Improving cannulation time for extracorporeal life support in refractory cardiac arrest of presumed cardiac cause - Comparison of two percutaneous cannulation techniques in the catheterization laboratory in a center without on-site cardiovascular surgery.

Sebastian Voicu1, Patrick Henry2, Isabelle Malissin3, Jean-Guillaume Dillinger2, Anastasios Koumoulidis4, Nikos Magkoutis4, Demetris Yannopoulos5, Damien Logeart2, Stéphane Manzo-Silberman2, Nicolas Péron3, Nicolas Deye6, Bruno Megarbane3, Georgios Sideris2.   

Abstract

BACKGROUND: Cardiac arrest (CA) without return of spontaneous circulation can be treated with veno-arterial extracorporeal membrane oxygenation (vaECMO) implemented surgically or percutaneously. We performed a study assessing time for vaECMO percutaneous cannulation in the catheterization laboratory.
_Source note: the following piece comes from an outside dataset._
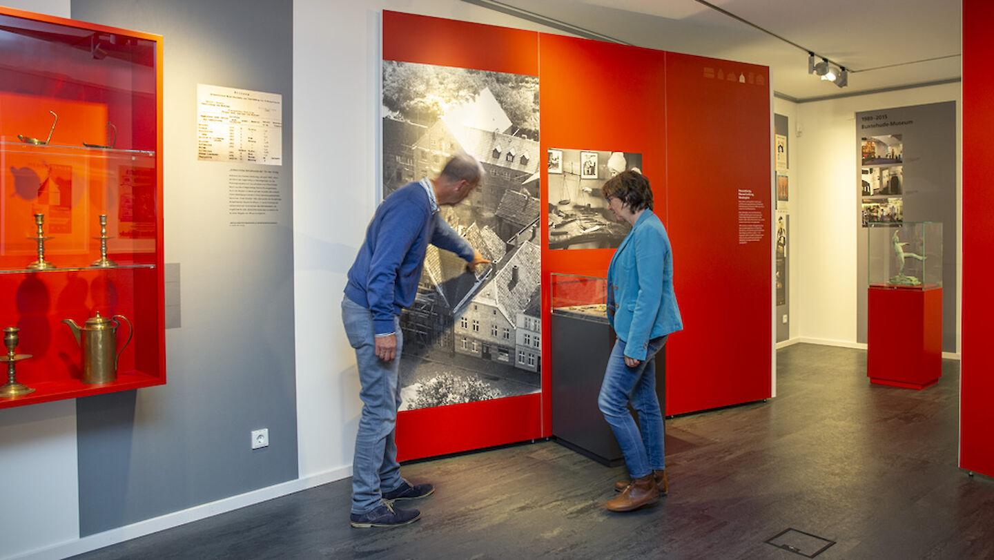 Eine Hörstation lässt die Sammlungsrettung 1911 beim großen Stadtbrand lebendig werden und ein Zeitrafferfilm verdeutlicht den enormen Transportaufwand von Großobjekten im Museum, die in den Jahren der letzten Sanierung bewegt werden mussten. Eine Bilderschau zeigt die bisherigen zahlreichen baulichen Veränderungen des Buxtehude Museums.

METHODS: Single-centre retrospective study in a University hospital without on-site cardiovascular surgery, including patients aged >18 receiving vaECMO for out- or in-hospital refractory CA of presumed cardiac cause between 2010 and 2016, cannulated by interventional cardiologists. Cannulation time using anatomic landmarks vessel puncture and conventional wires (first period) was compared with ultrasound guidance puncture and stiff wires (second period). Data are expressed as medians (interquartile range) and percentages.
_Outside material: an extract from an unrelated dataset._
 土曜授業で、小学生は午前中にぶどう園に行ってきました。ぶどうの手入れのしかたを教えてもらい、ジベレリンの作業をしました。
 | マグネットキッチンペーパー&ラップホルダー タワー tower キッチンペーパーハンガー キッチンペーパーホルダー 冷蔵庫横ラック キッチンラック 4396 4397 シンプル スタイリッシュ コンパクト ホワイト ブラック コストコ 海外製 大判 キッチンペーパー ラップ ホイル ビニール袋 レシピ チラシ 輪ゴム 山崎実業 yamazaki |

RESULTS: Forty-six patients were included, age 56 (49-62), 34 in the first period. Shockable initial rhythm occurred in 29 (63%), 36 (78%) had ischemic heart disease and 26 (57%) acute myocardial infarction (AMI). Out-of-hospital refractory CA occurred in 27 (59%) patients. Time from out-of-hospital refractory CA to admission was 100 (80-118) min. Cannulation was successful in 42 (91%) patients. Cannulation time was 14 (10-21) min, 17 (12-26) (first) and 8 (6-12) min (second period), p<0.001. Survival to discharge was 9%. In out-of-hospital versus in-hospital, time from CA to vaECMO was 120 (115-140) versus 82 (58-102) min, p=0.011, survival was 7% (two patients) versus 11% (two patients), p=0.35 respectively. All survivors had shockable initial rhythm.
CONCLUSION: In these refractory CA patients with high prevalence of AMI and good feasibility of percutaneous vaECMO in the catheterization laboratory, cannulation time was shorter using ultrasound guidance and stiff wires.
Copyright © 2017 Elsevier B.V. All rights reserved.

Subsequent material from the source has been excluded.